Exercise:
Print the full set of records below, character for character and picture-free.

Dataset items
···
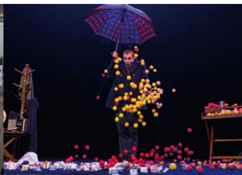
13 Rue du Hasard, au Théâtre
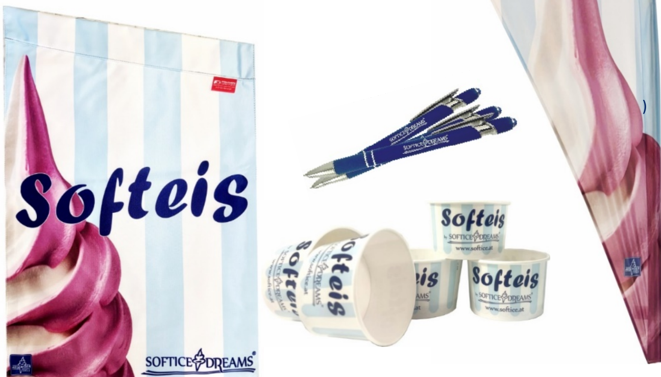
Symbolfotos (nicht Maßstabgetreu)

Unsere Eisfahne und die Beachflag im SofticeDreams® Design sind die perfekten Eyecatcher für die Außenwerbung.
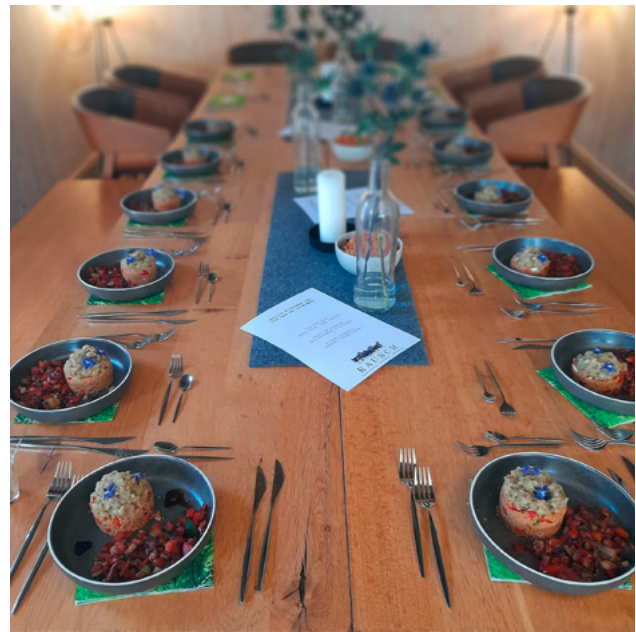
Es ist angerichtet

Und mit gutem Essen ging es am nächsten Tag gleich weiter, und damit ist nicht das Frühstück gemeint. Bereits um 10 Uhr trafen wir uns in der Esswerkstatt Rausch in Schallstadt, um gemeinsam unter fachkundiger Anleitung ein Dreigängemenü zuzubereiten. Wir erhielten dabei manchen guten Tipp rund ums Kochen, lernten neue Lebensmittel kennen, hörten Namen von Gerichten, die uns noch nie untergekommen waren und hatten viel Spaß bei der gemeinsamen Zubereitung der Speisen im schönen Ambiente der neu eingerichteten Lernküche.
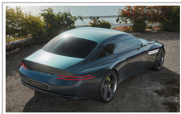
Genesis X Concept.
···
Response for this exercise:
13 Rue du Hasard, au Théâtre
Symbolfotos (nicht Maßstabgetreu)

Unsere Eisfahne und die Beachflag im SofticeDreams® Design sind die perfekten Eyecatcher für die Außenwerbung.
Es ist angerichtet

Und mit gutem Essen ging es am nächsten Tag gleich weiter, und damit ist nicht das Frühstück gemeint. Bereits um 10 Uhr trafen wir uns in der Esswerkstatt Rausch in Schallstadt, um gemeinsam unter fachkundiger Anleitung ein Dreigängemenü zuzubereiten. Wir erhielten dabei manchen guten Tipp rund ums Kochen, lernten neue Lebensmittel kennen, hörten Namen von Gerichten, die uns noch nie untergekommen waren und hatten viel Spaß bei der gemeinsamen Zubereitung der Speisen im schönen Ambiente der neu eingerichteten Lernküche.
Genesis X Concept.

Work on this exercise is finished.